Improving Early Identification of Drug Resistant Tuberculosis in HIV Prevalent Settings
This K23 award will provide Dr. Metcalfe with the support necessary to accomplish the following goals: (1) to improve scientific understanding of the burden and impact of the multidrug resistant tuberculosis (MDR TB) epidemic within HIV prevalent settings in order to craft effective public health responses; (2) to apply laboratory research techniques for molecular drug susceptibility testing of clinical specimens; (3) to apply novel biostatistical methods to improve prediction of at-risk patients and to evaluate the incremental value of new diagnostic tests; and (4) to develop an independent clinical research career. To achieve these goals, Dr. Metcalfe has assembled a mentoring team comprised of a primary mentor, Dr. Philip Hopewell, UCSF Professor of Medicine and world-renowned authority on global TB control; and two co-mentors: Dr. Arthur Reingold, UC Berkeley Professor of Epidemiology, Associate Dean for Research, and internationally recognized infectious disease epidemiologist, and Dr. Laurence Huang, UCSF Professor of Medicine, an expert researcher in HIV-associated pulmonary diseases. The convergence of the drug-resistant TB and HIV epidemics represents a major threat to global TB control. The lack of rapid drug susceptibility testing has been a major impediment to effective prevention, treatment and epidemiologic research of drug resistant TB. While recently introduced molecular assays dramatically reduce detection times, these techniques are not routinely available in most settings. Patients with MDR TB in low-income settings are typically only identified after multiple failed treatment attempts. Dr. Metcalfe's research will capitalize on an extensive pre-existing research infrastructure in Zimbabwe centered on an NIH Division of AIDS-funded Clinical Trials Unit (5U01AI069436-04) to improve early identification of patients with MDR TB through novel prediction rules applicable to low-income, high-HIV burden settings (Aim 1), determine which patients are most likely to benefit from molecular drug susceptibility testing (Aim 2), and provide pilot data towards the first prospective study of the contribution of microbial factors to drug resistant TB transmission in a high HIV prevalence setting (Aim 3). This research will form the basis for a future R01-level proposal utilizing longitudinal patient- and pathogen-specific data to characterize development of drug resistant TB in real-time.

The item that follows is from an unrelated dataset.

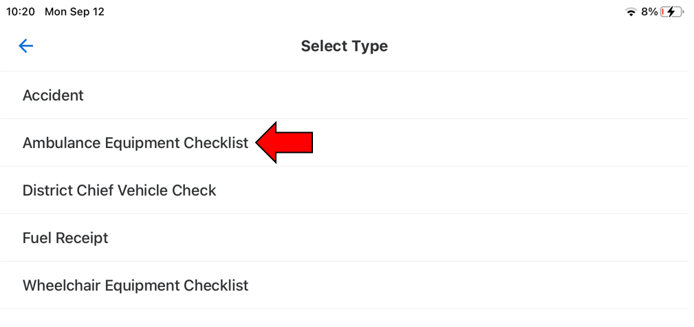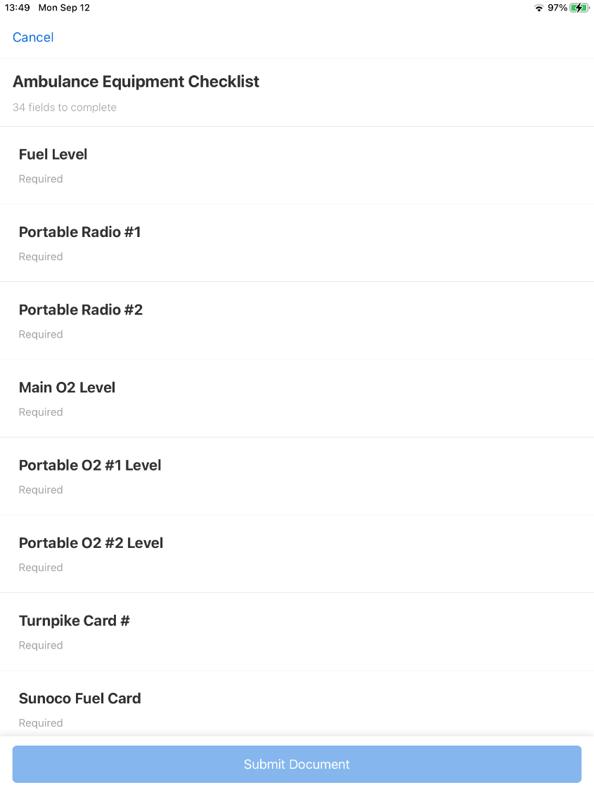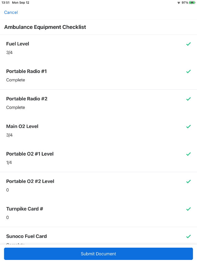 Fill out the checklist by tapping on each item and making the correct selection or entering the value.

MDR TB now accounts for 3.6% of global TB cases, and it is estimated that only 7% of the 440,000 annual cases of MDR TB are currently detected. In most settings, MDR TB patients are routinely identified only after multiple failed treatment attempts. Improved clinical prediction models, long used in the cardiovascular and cancer literature to augment precision of diagnoses and inform decisions about treatment, would allow cost-effective application of molecular assays in areas where available, and improve early detection of high risk MDR TB suspects where they are not.